Reza Pahlavi, son of Iran's last shah, represents the most visible exile opposition. But he's been outside Iran for nearly 50 years, and his recent strategy of aligning with Trump and intimidating other opposition figures has been "pretty divisive," according to Toosi. U.S. officials don't consider him a serious player, despite his name recognition inside Iran.

"Does that mean he has groups on the ground who can take over institutions? I have not seen any evidence of that," Toosi says.

The Failed State Scenario

This leadership vacuum creates a terrifying possibility: regime collapse without replacement. If Iran's 85 million people find themselves in a failed state, the regional implications would dwarf Iraq or Afghanistan's chaos.

Iran is already firing ballistic missiles at Israeli and Gulf state targets, including civilian infrastructure and energy facilities. Arab states may feel compelled to strike back, potentially drawing the entire region into war. "It could spill across borders. It could destabilize a number of places," Toosi warns.

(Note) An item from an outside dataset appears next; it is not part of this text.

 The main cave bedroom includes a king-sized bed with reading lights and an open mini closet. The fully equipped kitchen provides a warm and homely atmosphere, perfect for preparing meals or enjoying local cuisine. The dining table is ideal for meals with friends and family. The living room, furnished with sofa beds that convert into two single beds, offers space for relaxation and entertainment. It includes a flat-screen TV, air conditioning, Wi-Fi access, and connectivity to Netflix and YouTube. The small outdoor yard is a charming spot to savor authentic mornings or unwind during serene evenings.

The Long Arc of Regime Change

Yet history offers complicated lessons. Iraq endured 20+ years of post-Saddam chaos but now holds elections and functions as "a somewhat functioning democracy," Toosi notes. "The people there are freer than they were under Saddam Hussein."

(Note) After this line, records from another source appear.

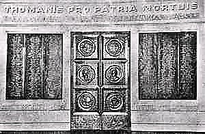 Gedenkwand in der Thomasschule für die Gefallenen Schüler und Lehrer im 1. Weltkrieg: Metallbeschlagene Tür mit Stahlhelm und EK-Reliefs sowie Portraits eines älteren und jüngeren Mannes (Lehrer und Schüler symbolisierend). Rechts und links Namenstafeln und darüber die Inschrift unterlegt mit Lorbeer (vernichtet).
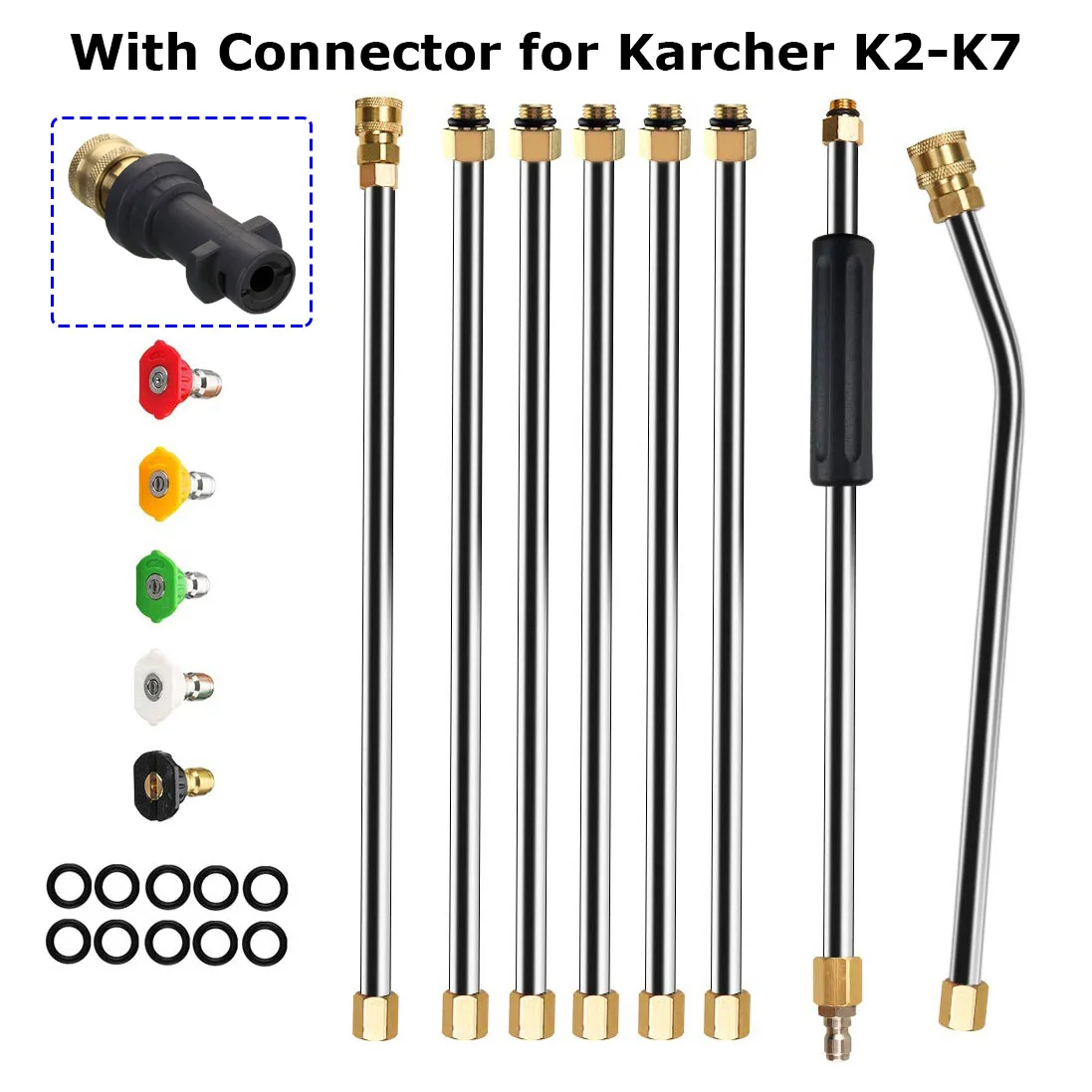 Buse de pulvérisation pour nettoyeur à haute press... – Grandado Kärcher K4 Classic nettoyeur haute pression avec déboucheur de... Compatible Karcher Série K Extension De Lance Pour Nettoyeur Haute Pression - Tige Incurvée À 30 Compatible Série K Product details Matériau du produit : acier inoxydable laiton Couleur du produit : or Poids du produit : 394,5 g (dont 5 buses) Taille du produit : jusqu ='à environ 42 cm Haute pression : extension de pistolet de lavage haute pression 4000 PSI, raccords en laiton. REMARQUE : L ='extrémité de la baguette est M22 14. Assurez-vous que l ='embout de votre nettoyeur haute pression est de... Choisissez Qwork, où votre argent travaille plus dur pour vous., 1., La construction en acier inoxydable garantit des performances et une fiabilité durables, 39 cm de long + 7 cm de section incurvée., 2., Comprend une tige incurvée à 90 ° pour un nettoyage facile des zones difficiles d'accès telles que les ailes, le châssis, les toits et les gouttières., 3., Offre des options de pulvérisation polyvalentes avec cinq angles de buse: 0° (rouge), 15° (jaune), 25° (vert), 40° (blanc) et 60° (noir)., 4., Compatible avec les pistolets de nettoyage haute pression K-Serie K2, K3, K4, K5, K6 et K7 pour plus de commodité., 5., Prend en charge une pression de travail maximale de 4000 PSI pour des performances de nettoyage efficaces et puissantes. Nous simplifions les choses et nous assurons que vous obtenez le meilleur pour moins cher.
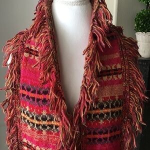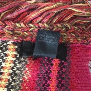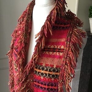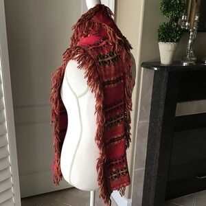 Steve Madden Long Knit Fringed Neck Scarf Muffler Acrylic Boho Pink Red Multi. Scarf is an excellent preowned condition. 100% acrylic. Measures approx. 6” wide 72” long and has an additional 3” of fringe on both sides. Unique style—boho, nordic and western vibes.

The question haunting Washington: Is it worth American lives and treasure to force this transformation? Trump's objectives have shifted from preventing "imminent nuclear attack" to supporting "freedom" for Iranians—a rhetorical evolution that reveals the administration's uncertainty about what victory actually looks like.

The Unintended Consequences

Ironically, the U.S.-Israeli campaign to decapitate Iran's leadership might strengthen the very forces America most fears. The IRGC's economic interests could make them pragmatic negotiators, but their ideological training and recent losses might also push them toward nuclear breakout as the ultimate insurance policy.

"Strange times make for strange bedfellows," Toosi observes. Military officers collecting paychecks might defect to protesters they recently brutalized. But Iran's power structure was built to survive exactly this kind of external pressure—and that resilience might be its most dangerous feature.

This content is AI-generated based on source articles. While we strive for accuracy, errors may occur. We recommend verifying with the original source.